# Anyone sell for others on E Bay?



## Randy Rooster (Dec 14, 2004)

There is a guy ( dont know him met him through a friend) who wants me to sell some vintage collectibles on e bay for him - he says I could keep 1/3 of the after fee profit.

Has anyone done this and what should I look out for? Supposedly some of his items according to him would sell for $50 - $300.


----------



## nadja (May 22, 2011)

I do that all the time. However, I have found that in order for me to sell anything for anyone else, the item has got to be with me.

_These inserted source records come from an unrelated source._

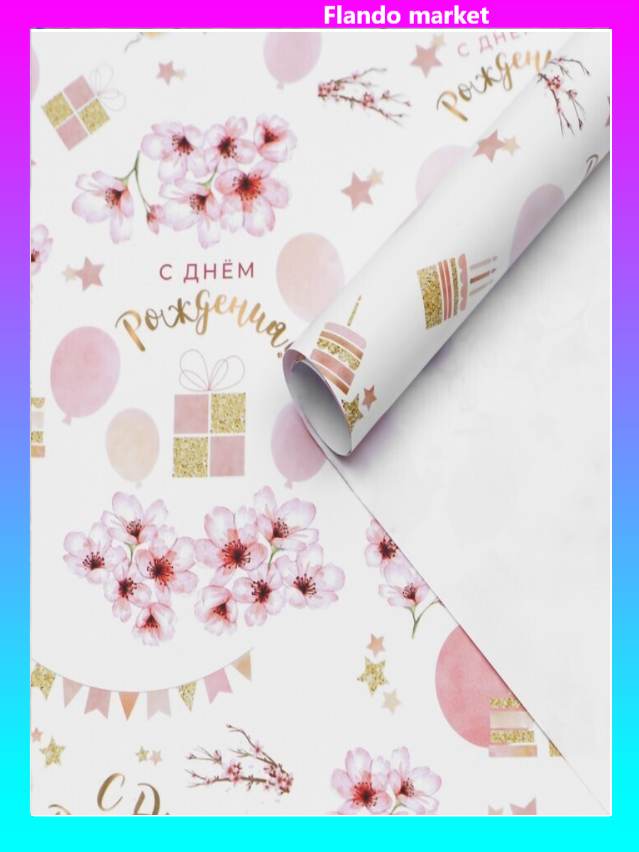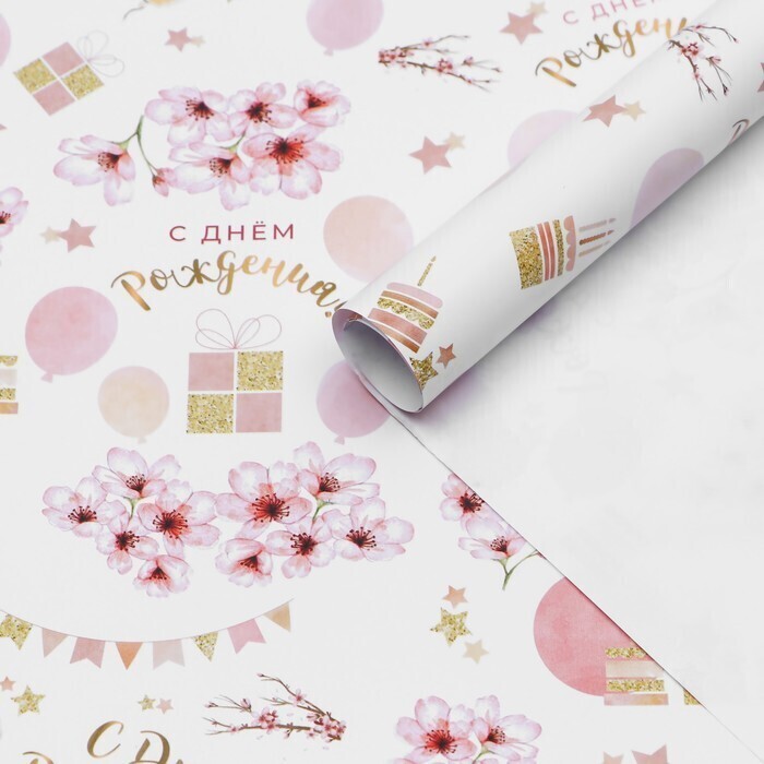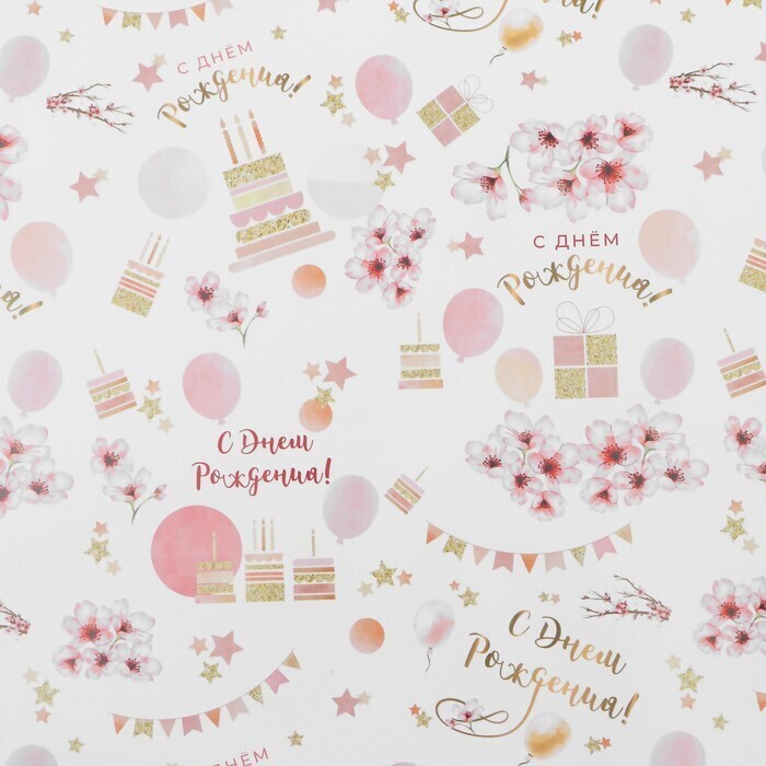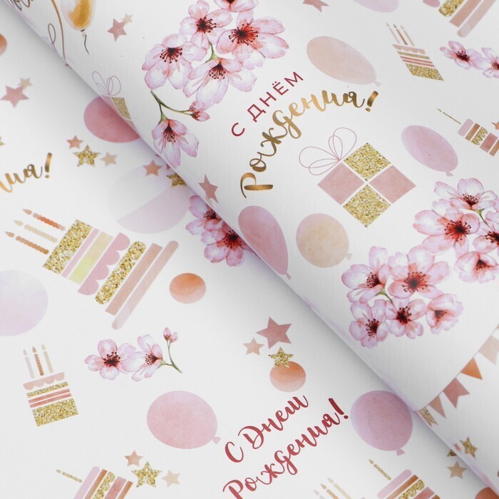 !09 Бумага (набор 3 листа) упаковочная глянцевая "С Днем Рождения" 50 × 70 см.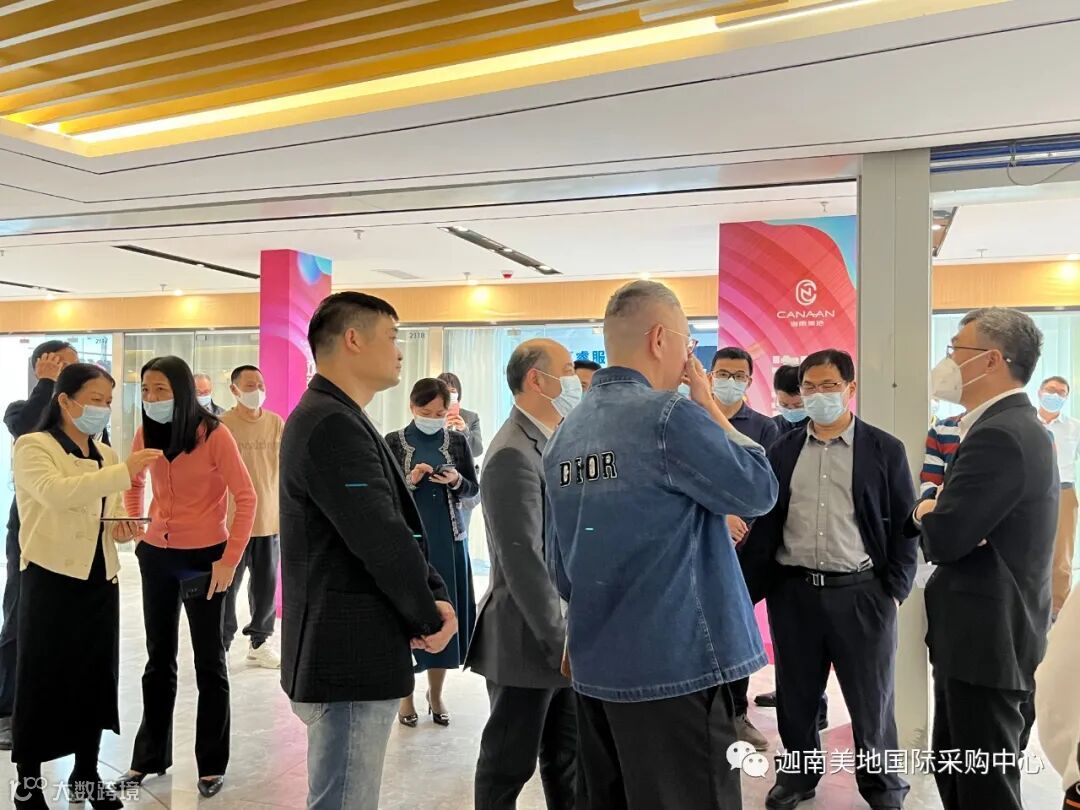 2023年2月21日下午,广州市越秀区区委书记郭昊羽带队,携其他区领导、及相关部门负责人,在矿泉街道党工委温书记等街道领导的陪同下,莅临迦南美地国际采购中心,迦南美地董事长区俊宁、总经理卢海林接待并介绍,就广州中非外贸市场应该如何转型发展、专业市场经营现状问题进行汇报。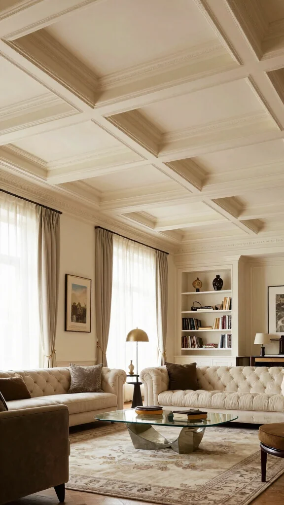 Fun fact: coffers can visually widen a room by up to 20%. With decorative ceiling ideas, painting panels in light shades boosts brightness and perceived height—no major remodel required.

Otherwise, they could sell it and not even bother to tell you and then you sell it on ebay and YOU are screwed. I also get half of the profit after listing fees and selling fees plus shipping and handling fees


----------



## blufford (Nov 23, 2004)

Make sure you get enough money to cover your cost. Everybody gets a taste before you. You want to make sure it's not all eaten by the time the eagle lands at your house.
eBay and PayPal Fee Calculator


----------



## Randy Rooster (Dec 14, 2004)

Thank you for the advice folks- and thank you for that link Blufford - got it on my favorites now - very eye opening.


----------



## Bandit (Oct 5, 2008)

What they said 
Plus
Not to be the bearer of bad news , but have You read the Fee Bay Forums where they are discussing the soon to be enacted Happy Buyer Partial Refunds where Fee Bay is planning on making a partial refund for you then deducting the money from your funds ? 
new provision ebay refunds money to buyer and then charges us???A provision: Community Help Boards: eBay Discussion Boards
eBay Confirms Buyer Protection Changes Include Partial Refunds

You should also read through the Fee Bay Forums
Trust and safety /Seller Central / Trading Assistant /Prey Pal 
Discussion Boards: eBay Discussion Boards

Also don't forget to allow for the 21+ day's hold on your money through Prey Pal , and there 45 day No Questions Asked Full Refund including S/H To the Buyer in the buyer is unhappy .
Bob
Ps 
No I don't sell there now


----------



## happychick (Sep 20, 2010)

We sell on eBay for over 15 people! Not hard, but you do have to have a system though. (we take 20%, they pay all eBay/PayPal fees) buyers pay shipping. You have to have the items they want you to sell with you. You have to photograph it, measure it, calculate it for shipping, answer questions about it, plus ship it as soon as it sells. 

Hope this helps you!


----------